- TASK INSTRUCTIONS:
Copy nothing past the line containing "Make a bold". Transcribe every line of the listing below up to and including it, from the first, except pictures.

- RECORD EXTRACTS:
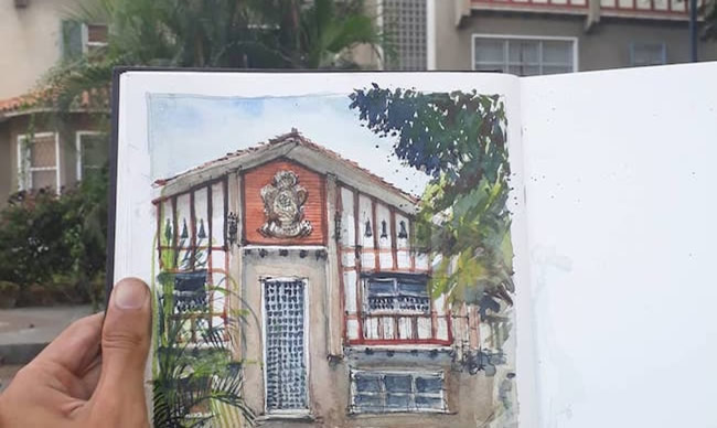 Juan Carlos Figuera uses watercolor to render perfectly sketched buildings that capture a place as well as (or even better than) a camera could.
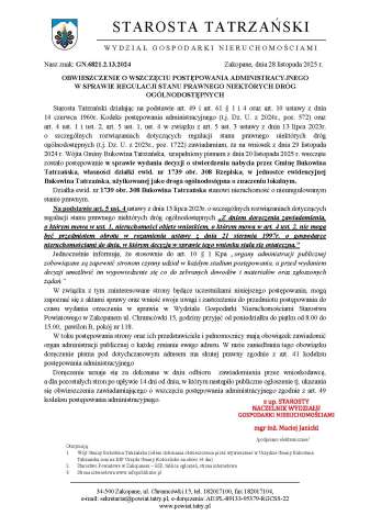 Obwieszczenie Starosty Tatrzańskiego o wszczęciu postępowania administracyjnego ws. regulacji...
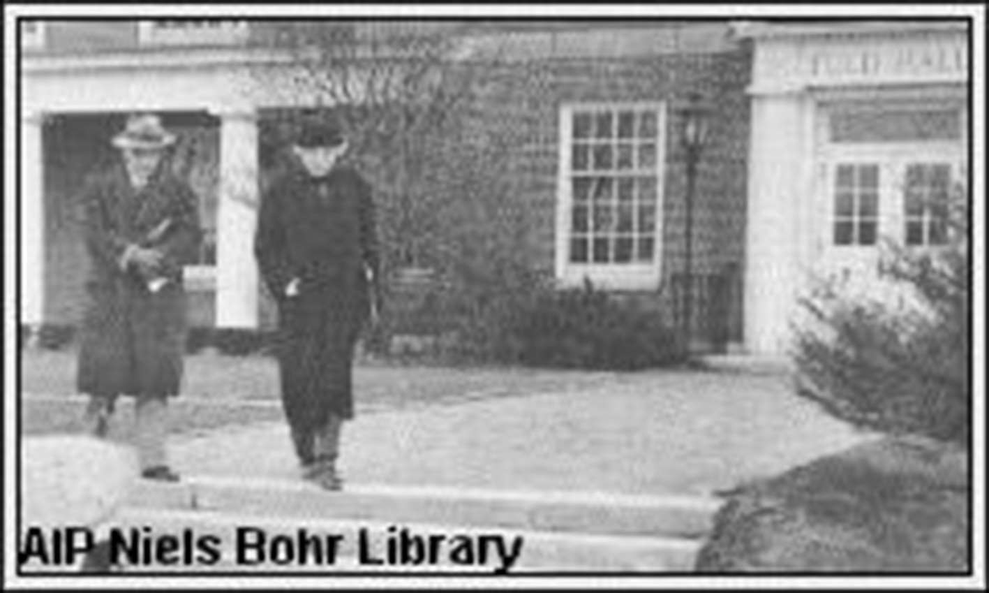 图37 这是爱因斯坦和玻尔(Bohr)在Fuld Hall门口经过
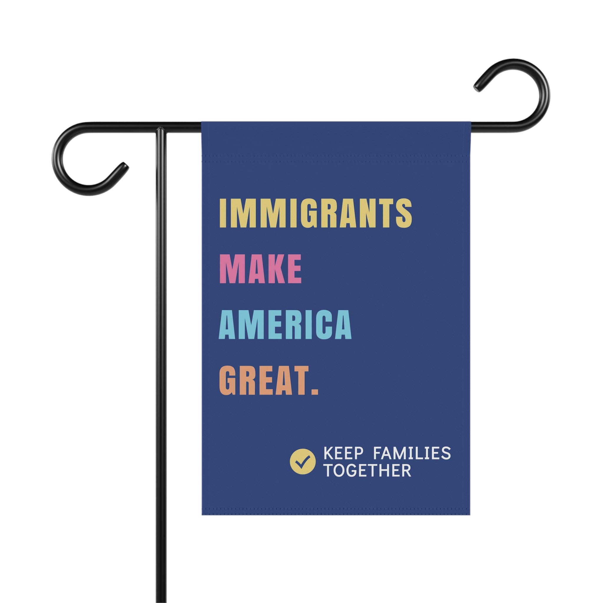 Make a bold and beautiful statement with our “Immigrants Make America Great” garden flag. Featuring vibrant lettering in yellow, pink, blue, and orange on a rich blue background, this flag celebrates the vital role immigrants play in shaping our country. At the bottom, a yellow checkmark icon and the phrase “Keep Families Together” reinforce the message of unity and compassion.
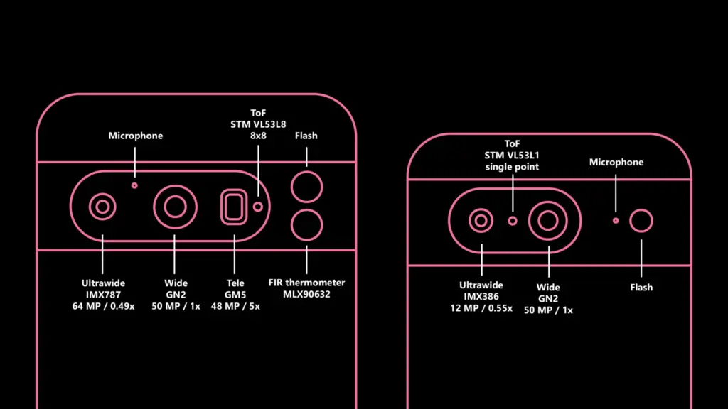 | Ultrawide | Sony IMX386 (12MP) – 0.67x zoom ratio | Sony IMX386 (12MP) – 0.55x zoom ratio | Sony IMX787 (64 MP) – 0.49x zoom ratio | Sony IMX386 (12MP) – 0.56x zoom ratio |

- YOUR RESPONSE:
 Juan Carlos Figuera uses watercolor to render perfectly sketched buildings that capture a place as well as (or even better than) a camera could.
 Obwieszczenie Starosty Tatrzańskiego o wszczęciu postępowania administracyjnego ws. regulacji...
 图37 这是爱因斯坦和玻尔(Bohr)在Fuld Hall门口经过
 Make a bold and beautiful statement with our “Immigrants Make America Great” garden flag. Featuring vibrant lettering in yellow, pink, blue, and orange on a rich blue background, this flag celebrates the vital role immigrants play in shaping our country. At the bottom, a yellow checkmark icon and the phrase “Keep Families Together” reinforce the message of unity and compassion.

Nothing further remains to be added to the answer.